“If G-d will create a [new] creation and the ground will open its mouth and swallow them along with all of their belongings, and they will go down alive to the grave, then you will know that these men have angered G-d.” (Bamidbar 16:29-30)

Hashem created a punishment for Korach’s sin that was unlike any other punishment He ever meted out. There obviously must be some reason that this was necessary, aside from it being a sensational event that people would never forget.

The Yalkut tells us that Korach did not accept the Oral Law. The Hafla’ah (1731-1805) explains that we find similar punishments in other places in the Torah, and they all have to do with the same sin of denying the Oral Law. The Hafla’ah goes on to mention that one who is negligent in the eulogy of a Torah scholar should be buried alive, just as Korach was! Similarly, at the time of receiving the Torah, Klal Yisral had Mount Sinai suspended above their heads and Hashem said to them, “If you don’t accept the Torah, you will be buried here!” (See Tanchuma Parshas Noach that this was in order that Bnei Yisrael accept the Oral Law). The common denominator is being buried alive due to not accepting the Oral Law.

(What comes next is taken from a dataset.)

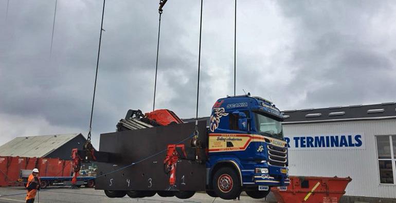 Allestito dal distributore locale Fassi Kraner ApS – autore delle suggestive foto – il camion una volta caricato su una nave, ha preso il largo verso la piattaforma, dove è stato utilizzato per sostituire il verricello di una delle gru fisse che vi sono installate.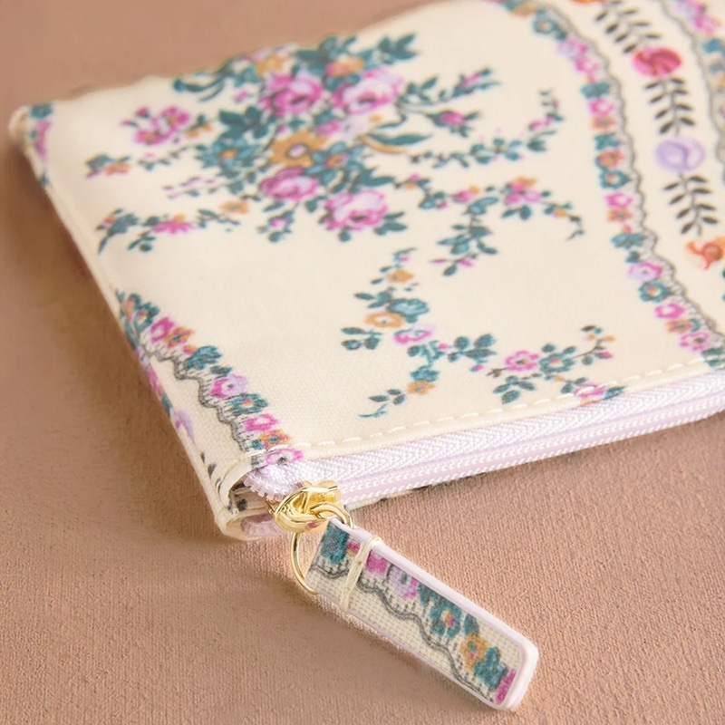お財布としても、ポーチとしても使える、フラットでコンパクトなジップドパース。ポケットやバッグに収納しやすいすっきりとしたシルエットが魅力です。このプリントは宝石のような鮮やかな色合いで描かれた、花と葉が連なるように織りなされた模様が印象的です。

The Hafla’ah, however, does not explain why the specific punishment of burying alive is appropriate in these cases. The Maharal in Tiferes Yisrael explains that without acceptance of Torah, including The Oral Law, the World could not exist. Therefore, a person who denies the Oral Torah has no place to be buried in the world that exists only because of the Torah, of which The Oral Law is an intrinsic part.

I would like to offer a different explanation. All of the vegetation that we have comes from the ground and rises above, creating life. The Earth itself to the untrained eye looks like a stagnant, dormant inanimate object – though in truth soil is teeming with life. So too, the Oral Law comes forth from the written Torah. In order to accept the written Torah properly, we must trust our teachers, for only based on that which they teach us can we be certain that what we are learning is truly Torah. Meaning, we need to believe that there is an entire Torah (Oral Torah) underneath the surface (Written Torah).

I would like to share with you an event that happened to me many years ago. A man I knew who learned in the yeshivas of Europe before World War II, joined the “Conservative Movement” immediately after the War. When he was in his 50’s he became a member of the shul I davened in, and soon returned to be a full Torah-observant Jew. His son at that time was in public high school and struggled with his father’s change of allegiance. Eventually the son came to Israel to learn in a Conservative “yeshiva”. His father came to visit his beloved son and asked me to visit him in his hotel. While I was there, his son came in and the father beamed at me and said, “My son is a yeshiva bochur, too!” My blood began to boil. I wondered to myself, “In a school of apikorsim are there bnei Torah?” I proceeded to ask this student, “What do you learn in your school?” He replied, “We also learn Torah. We just have a better way of analyzing the Torah.” To this I responded, “When the Torah was given at Sinai, do you suppose the Oral law was given, too?” (I would never ask that question today). He responded, “Yes, I do.” I forged forward and asked him, “If the Torah was given with a method of study, and today one uses a different method to learn the Torah, isn’t it as if a math teacher gave his students a mathematical exercise, ‘What is 2 times 3’ and a student answered ‘5’. The teacher asked how he got to that answer, and the student responded, ‘I decided that instead of multiplying I would add the numbers.” The teacher would respond that it was 100% wrong. So too, if the Torah was given with the Oral Law, which includes a tradition (mesorah) of how the Torah should be learned, the result of any other method will not give us true Torah. Just as in the world of Mathematics there is no place for deviating from the way of solving the problem given, l’havdil, so too in Torah.

This idea extends to all those who question and think that they have a better approach than the traditional way of Torah learning. This was the mistake of Korach. The lesson that we learn is that the earth cannot accept someone into it who denies that there is something of meaning underneath the surface (Written Torah) as well. Rather that person will be buried under his own demented understanding.

May we merit to have the belief in our mesorah and by doing so, we will grow spiritually and physically.